Elle esquissa un sourire à l’évocation d’un bain. Ce ne serait certes pas un luxe et les vêtements de l’homme n’en méritaient pas moins. A défaut de leurs rendre leur prime jeunesse, au moins seraient-ils propres.

Elle s’inclina légèrement sur ses dernières paroles et le salua alors qu’il partait.


Ne vous inquiétez de rien. Tout sera prêt à votre retour. Que les kamis veillent sur vous.

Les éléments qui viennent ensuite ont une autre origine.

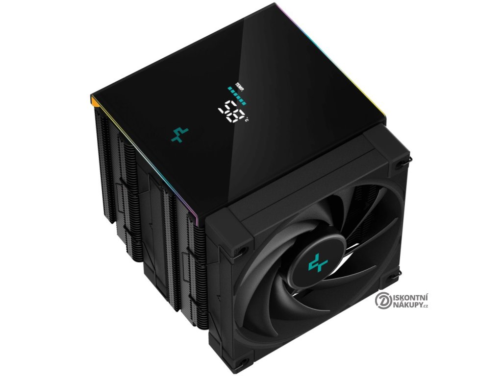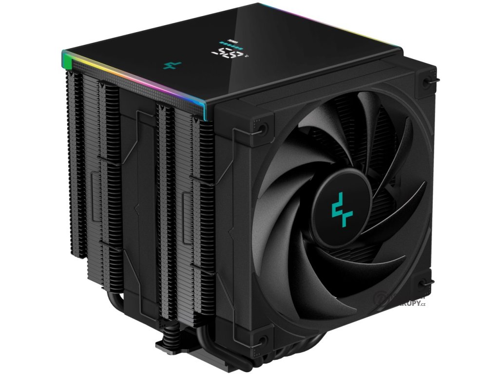DEEPCOOL AK620 DigitalChladič pro procesory Intel i AMD je vybaven šesti heatpipe a dvěma 120 mm ventilátory s PWM regulací. Předností chladiče je praktický digitální displej, který zobrazuje teplotu a využití procesoru v reálném čase. Samozřejmostí je upozornění, pokud je teplota příliš vysoká. K připojení slouží 4pin PWM, 3pin ARGB a 9pin USB konektor.

Elle le regarda s’éloigner un moment puis s’occupa de débarrasser le plateau qu’elle lui avait servi plus tôt, notant le soin avec lequel tout avait été reposé en ordre. Au moins n’avait-elle pas à craindre pour l’ordre et la propreté à laquelle elle consacrait son temps ici. Puis, pour la seconde fois en quelques jours, elle nota le nom de l’homme dans le registre, précisant la chambre occupée et l’arrangement fait pour le loyer. Il était plaisant de retrouver un peu de vie au Tengu, même si cela voulait dire qu’elle aurait un peu plus de travail pour les jours à venir. Au moins ne souffrirait-elle plus de l’ennui et du désœuvrement.

La matinée s’écoula au rythme de ses corvées, sans se douter un seul instant que l’après midi lui apporterait deux locataires de plus. Le Tengu n'aura jamais été autant fréquenté depuis longtemps et ce, pour le plus grand plaisir de Ria.